Into the Abyss
Insurgents assassinated the highest-ranking Iraqi official in eight months Tuesday, gunning down the governor of Baghdad province and six of his bodyguards, and a suicide truck bomber killed 10 people at an Interior Ministry commando headquarters.
I hate to be proved right but things are looking increasingly bleak in Iraq. The resistance to US occupation is morphing into a full-fledged civil war, while the impotent puppet regime suffers the ignominy of watching its leaders struck down one by one with seeming effortless ease. Most of the Sunni areas of Iraq are ungovernable and in a state of armed insurrection or military subjugation while Sunni political leaders have already pledged to boycott the forthcoming elections.

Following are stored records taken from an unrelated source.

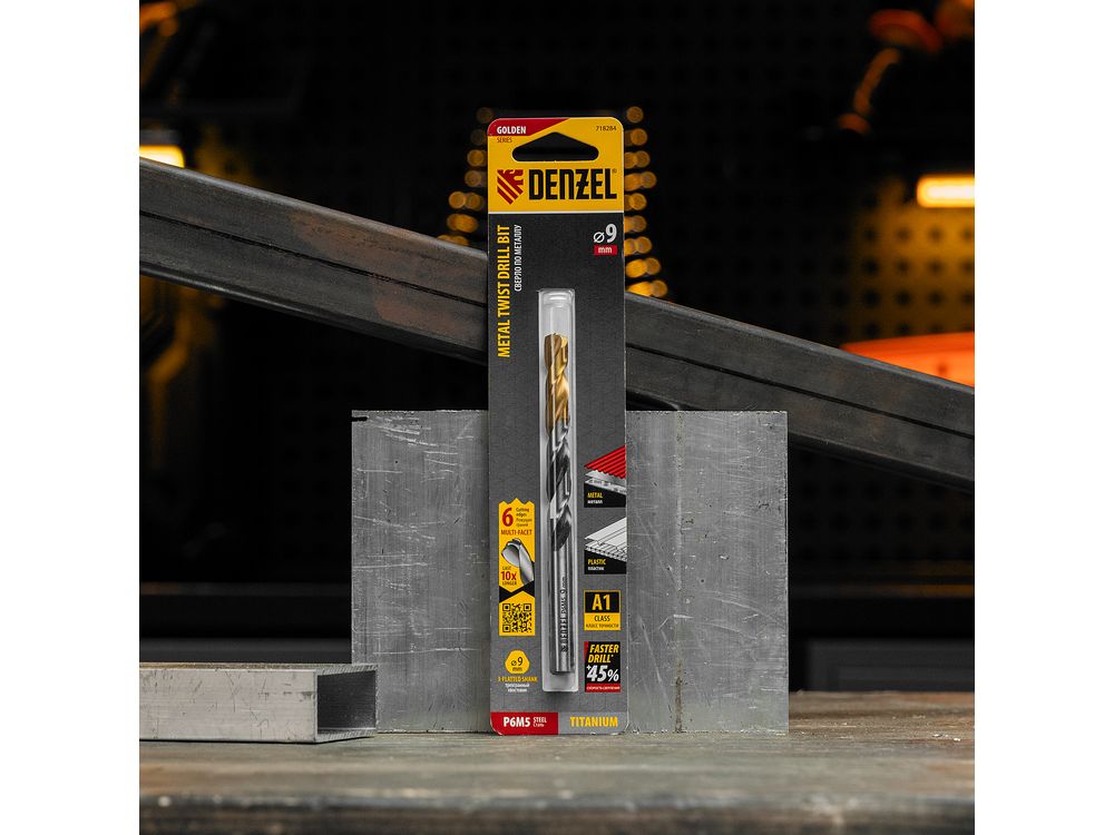 Спиральное сверло по металлу Denzel Golden Tip 718284 из стали P6M5, размером 9 х 125 мм, с многогранной заточкой, предназначено для получения отверстий в легированных сталях и цветных металлах. Многогранная заточка позволяет получать чистые и ровные отверстия практически без заусенцев. Сверлу присвоен класс точности A, что гарантирует высокое качество работ. Оснастка подходит для бытового и профессионального применения.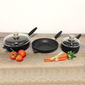EuroCAST by BergHOFF is a premium cookware line featuring an eco-friendly and toxin-free non-stick cooking surface. One of the lightest cast pans on the market, it's heavy-duty construction stands up to constant and rigorous use without warping and chipping.With a proprietary ceramic blend cooking surface and ferrous bottom plate, heat is distributed quickly and evenly and can be used on any cooking surface, including induction. Removable handles create oven-safe vessels for fully functional and versatile cookware with easy storage. Items included: 10" Saute Pan, 10" High-sided Saute Pan, , 1 1/2 Qt Sauce Pan.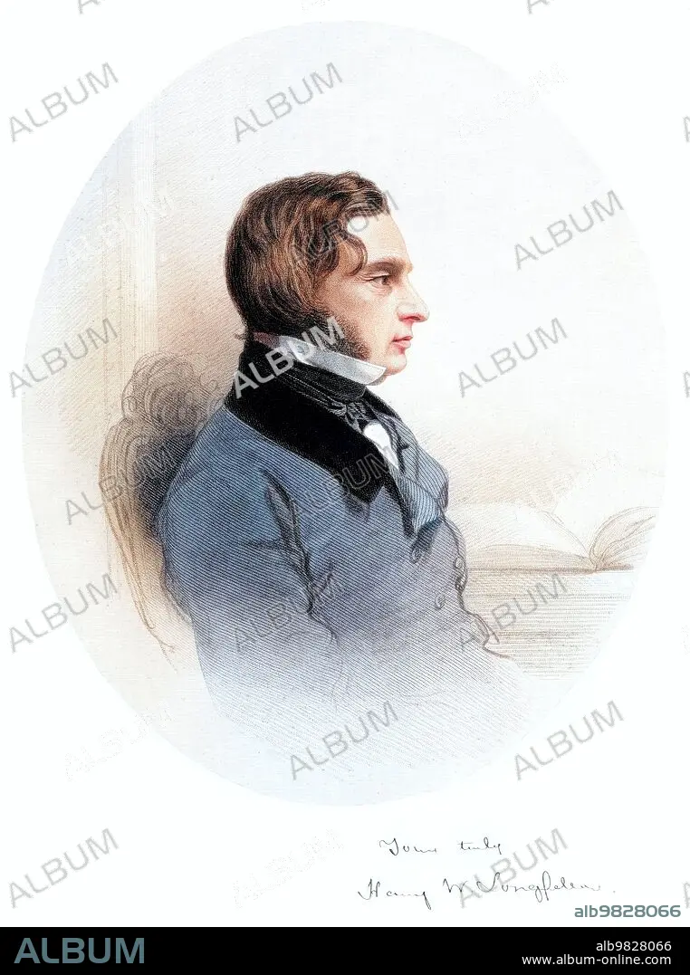 Caption: Henry Wadsworth Longfellow (February 27, 1807 - March 24, 1882) was an American poet and educator. He wrote many lyric poems known for their musicality and often presenting stories of mythology and legend. He became the most popular American poet of his day and also had success overseas. His first major poetry collections were Voices of the Night (1839) and Ballads and Other Poems (1841). His most famous works are: Paul Revere's Ride, The Song of Hiawatha, and Evangeline. He was the first American to translate Dante Alighieri's The Divine Comedy, and was one of the five Fireside Poets. Engraving by W. H. Mote, 1851 (cropped and cleaned).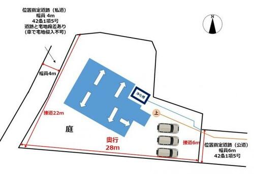 | 私道負担・道路 | - | 接道状況 | 東 6.0m 公道西 4.0m 私道 | ||

This leaves the Sistani-influenced Shia parties free to sweep the polls in January. The weakening US occupation forces must look on in baffled bemusement as an Iran-aligned popular front bides its time, conserves its strength, and restrains its militias from open resistance. Meanwhile the northern Kurdish factions have already basically opted out of a united Iraq, and still refuse to disarm. Whichever regime takes “power” in southern Iraq — be in the Islamist Shia parties or a new hasty US-appointed rainbow coalition of vaguely popular forces — will face the refusal by over two-thirds of of Iraq to accept its putative legitimacy or instruments of governance.
In this environment a continued regression towards autarchy or theocracy seems inevitable.